## [Data]
════════════════

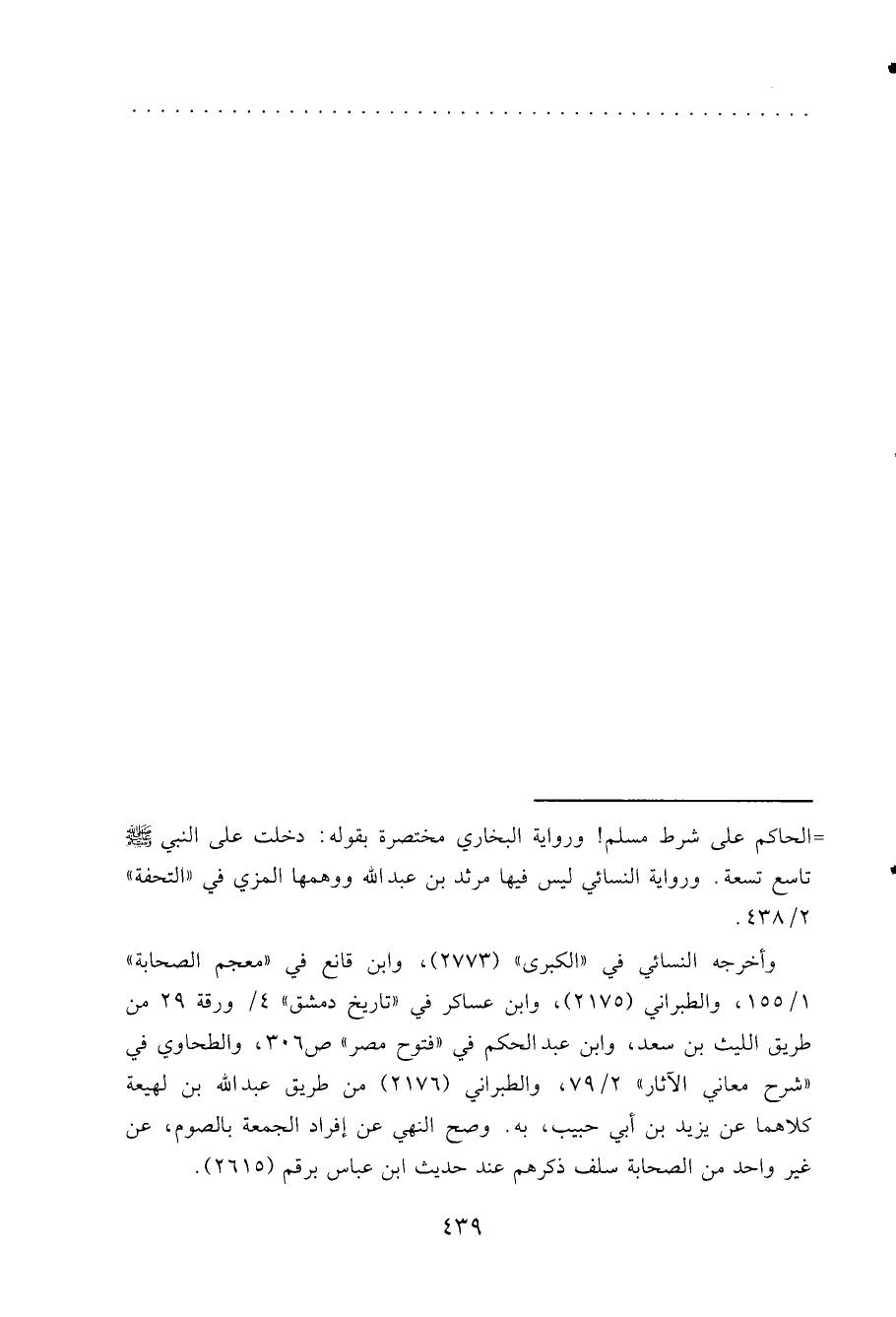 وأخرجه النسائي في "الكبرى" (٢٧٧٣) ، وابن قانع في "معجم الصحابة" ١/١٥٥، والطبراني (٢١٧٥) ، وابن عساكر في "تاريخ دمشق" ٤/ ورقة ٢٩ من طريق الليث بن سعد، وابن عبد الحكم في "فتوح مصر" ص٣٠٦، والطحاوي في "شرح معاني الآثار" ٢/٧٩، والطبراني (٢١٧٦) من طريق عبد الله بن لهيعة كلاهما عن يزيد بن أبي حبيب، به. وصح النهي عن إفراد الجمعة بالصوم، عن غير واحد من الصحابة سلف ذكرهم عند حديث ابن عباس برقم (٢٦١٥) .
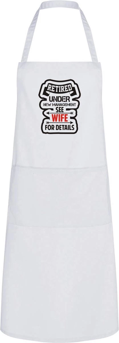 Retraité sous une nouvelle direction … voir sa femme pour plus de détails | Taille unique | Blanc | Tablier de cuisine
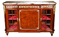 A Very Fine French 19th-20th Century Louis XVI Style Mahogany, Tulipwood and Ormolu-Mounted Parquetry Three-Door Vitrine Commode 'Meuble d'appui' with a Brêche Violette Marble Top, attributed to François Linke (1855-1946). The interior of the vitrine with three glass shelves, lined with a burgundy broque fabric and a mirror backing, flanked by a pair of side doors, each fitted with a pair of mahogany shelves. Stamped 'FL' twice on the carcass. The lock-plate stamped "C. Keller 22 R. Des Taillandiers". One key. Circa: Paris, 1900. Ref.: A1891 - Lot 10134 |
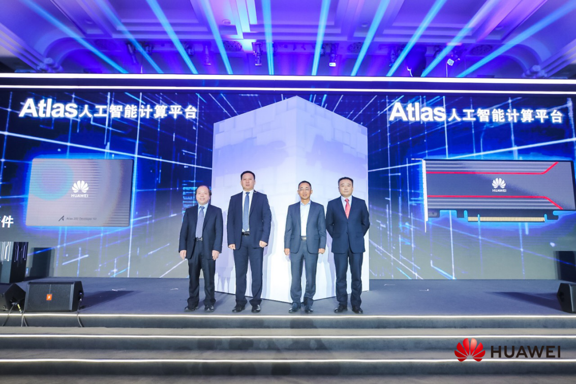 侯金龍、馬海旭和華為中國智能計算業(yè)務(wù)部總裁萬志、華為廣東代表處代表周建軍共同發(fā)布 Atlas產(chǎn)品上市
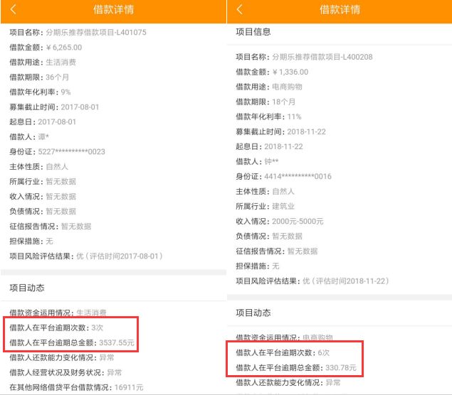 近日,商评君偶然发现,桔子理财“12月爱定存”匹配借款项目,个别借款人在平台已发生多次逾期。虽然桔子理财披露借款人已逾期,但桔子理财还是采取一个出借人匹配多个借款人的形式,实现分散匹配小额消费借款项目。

════════════════

Could you print the material above word for word and skip the images?

## [Task output]
 وأخرجه النسائي في "الكبرى" (٢٧٧٣) ، وابن قانع في "معجم الصحابة" ١/١٥٥، والطبراني (٢١٧٥) ، وابن عساكر في "تاريخ دمشق" ٤/ ورقة ٢٩ من طريق الليث بن سعد، وابن عبد الحكم في "فتوح مصر" ص٣٠٦، والطحاوي في "شرح معاني الآثار" ٢/٧٩، والطبراني (٢١٧٦) من طريق عبد الله بن لهيعة كلاهما عن يزيد بن أبي حبيب، به. وصح النهي عن إفراد الجمعة بالصوم، عن غير واحد من الصحابة سلف ذكرهم عند حديث ابن عباس برقم (٢٦١٥) .
 Retraité sous une nouvelle direction … voir sa femme pour plus de détails | Taille unique | Blanc | Tablier de cuisine
 A Very Fine French 19th-20th Century Louis XVI Style Mahogany, Tulipwood and Ormolu-Mounted Parquetry Three-Door Vitrine Commode 'Meuble d'appui' with a Brêche Violette Marble Top, attributed to François Linke (1855-1946). The interior of the vitrine with three glass shelves, lined with a burgundy broque fabric and a mirror backing, flanked by a pair of side doors, each fitted with a pair of mahogany shelves. Stamped 'FL' twice on the carcass. The lock-plate stamped "C. Keller 22 R. Des Taillandiers". One key. Circa: Paris, 1900. Ref.: A1891 - Lot 10134 |
 侯金龍、馬海旭和華為中國智能計算業(yè)務(wù)部總裁萬志、華為廣東代表處代表周建軍共同發(fā)布 Atlas產(chǎn)品上市
 近日,商评君偶然发现,桔子理财“12月爱定存”匹配借款项目,个别借款人在平台已发生多次逾期。虽然桔子理财披露借款人已逾期,但桔子理财还是采取一个出借人匹配多个借款人的形式,实现分散匹配小额消费借款项目。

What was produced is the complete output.